Врачи многое могли сделать для сердца человека его возраста. Куда больше, чем они могли сделать когда-то для Надин. Уже через месяц Дэвид разгуливал по дому, словно ничего и не было. Его тело пошло на поправку, а вот душой завладели тоска и смятение. Родись Дэвид позже, он бы, наверное, обратился к психотерапевту. Но ведь Мюллеры так не поступают! Дэвид вызвал Тони и объявил ему о грядущих переменах.

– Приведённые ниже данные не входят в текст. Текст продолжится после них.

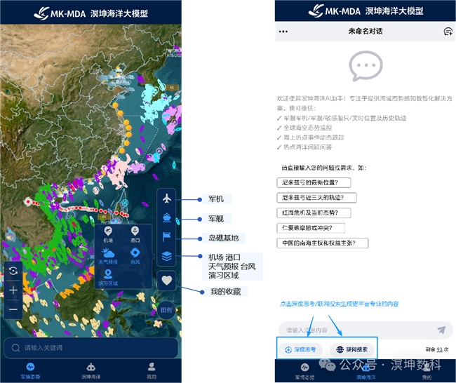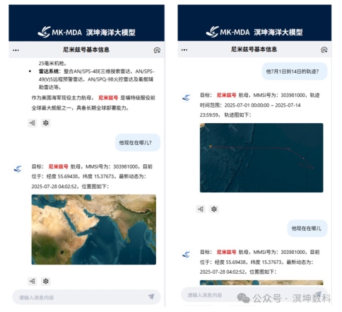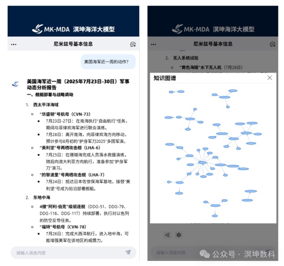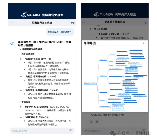 溟坤海洋大模型具备多模态可视化输出能力,如针对“美海军尼米兹号最新位置?”的问题,系统可生成专业位置图和历史轨迹图;此外,溟坤海洋还支持军机军舰名/ICAO号/MMSI号多目标、多时态提问;该智能体融合大模型在语言理解与推理方面的能力,兼具国内外全网检索能力,能够实时响应用户提出的复杂问题,如“红海危机及当前态势?”、“中国的南海主张”等,并可生成具备因果逻辑结构的完整解答,自动输出思维导图、知识图谱等结构化图形内容。帮助用户在复杂情报中快速建立认知,提升态势理解与决策效率。

Дэвид вызвал дочь и старших сыновей. Амелия очень удивилась, но тут же купила билет на самолет. Эдгар и Ларри приехали и привезли с собой детей. Когда все собрались у него в кабинете, Дэвид сообщил им, как много они для него значат. Отпрыски покивали, отводя глаза. Кто-то внимательно разглядывал потолок, кто-то – фигурки на широкой полке, кто-то – лепнину над камином. Они смотрели куда угодно, только не на отца. Рассеянно кивали. Их испугала его неожиданная экспрессия, но и обидеть старика им не хотелось. Они решили, что Дэвид умирает и сейчас самое время постараться не упустить свою долю наследства.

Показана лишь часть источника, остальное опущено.